Gale clears his throat quietly.

“…may I ask why not?”

He supposes he does. He supposes there’s little left to lose, now. He’s already tried everything else.

He forces himself to look at Gale. His voice breaks of its own accord over the words.

“Because they wouldn’t be you.”

Astarion wasn’t aware that he was still capable of crying.

Gale’s eyes widen in shock, and Astarion feels almost as if he could laugh. It figures that this, of all things, would surprise him. When he was so stoic. So prepared for whatever else Astarion might have tried to throw at him. He never expected the pure, unwavering truth.

“Your goddess may be willing to sacrifice you for the greater good. Your Elminster might agree that it’s all for the best. But I am not, and I do not. There will be another chance, another way.
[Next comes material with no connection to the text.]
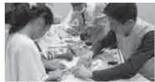
▲体験コーナー「おもちゃ工作教室」

◎台紙はダブルデッキ上の総合案内所・柏市民活動センター・アミュゼ柏等で配布します

Look at you…” Astarion shifts to face him, sincerity pouring out now that he's opened the floodgates, “you fill in the gaps between us. You always have the answer. You make your… stupid little jokes. You make camp feel like home . There is still so much life for you - you… you haven’t read every book yet, have you? You haven’t puzzled your way through every mystery. You haven’t said goodbye to your Tressym. Even - this,” he gestures to the sky, but his eyes are locked on Gale, “this is beautiful. More beautiful than any of your explosive battlefield antics, certainly more beautiful than your death. Wouldn’t the world be a lot less beautiful without you, Gale Dekarios?”

Gale opens his mouth, always ready with a quick word. Except this time, none seem to come.

After a moment, he closes it again.

“You haven’t even given us a chance,” Astarion adds. Before he can talk himself out of it, he reaches for his hand. Intertwining their fingers. Unsure if Gale is even aware of the touch until Gale’s grip tightens, as if he’s finally found a tether in all of his madness. “With you, I forget my heart is still. If you won’t save yourself, at least stay for the sake of saving me.”

Gale’s brow does furrow at that.

“Astarion, you don’t need me to—”

“But I want you to,” Astarion cuts him off, desperately trying to make him understand, “I want you.”

Finally, Gale cracks.

He brings his free hand, the hand that isn’t clinging to Astarion’s, to his face, wiping at the tears that spill over. For a long moment there is just his sniffling, and all Astarion knows how to offer of his heart laid bare.

Finally, Gale finds his words.

“I… you must know, I brought you out here to tell you that I love you,” he admits quietly, bashfully, “I never dared to hope you might… reciprocate. But I needed to tell you, before I went. I suppose it was the last thing I felt I had left to do.”

Gods ,” Astarion has to groan at the melodrama of it all. Irritated at the idea that Gale would have sought to leave him with that admission, too. How selfish. How thoughtless.

But Gale is looking at him, now, and he can see the way hope has taken a hold of him. How dull he’d become, without it - but now there’s the glimmer in his eyes, and the flush in his cheeks, and that uncertain smile. And, within all of it, a question.

“I’m not going to kiss you for the first time if it’s also the last time,” Astarion tells him firmly.

“We’ll find another way,” Gale says, and then clarifies, “to save the world.”

Idiot wizard. Balancing life and death on a single confession. Willing to risk the fate of everything, not for himself, but for something as small as a kiss.

Or, perhaps Astarion could accept that there is a magic stronger than that which Mystra weaves. Stronger than the Absolute. Stronger, he might some day believe, than the scars on his back or the man who wrought them.

He kisses Gale, there beneath the starlight. When Gale touches his cheek, his hair, his fingers are as gentle as the melodies they inspire.

Astarion finds safety in his hands. A home in his lips.

Certainty in his promises.

There is hope enough borrow.

There is the warmth of a thousand suns.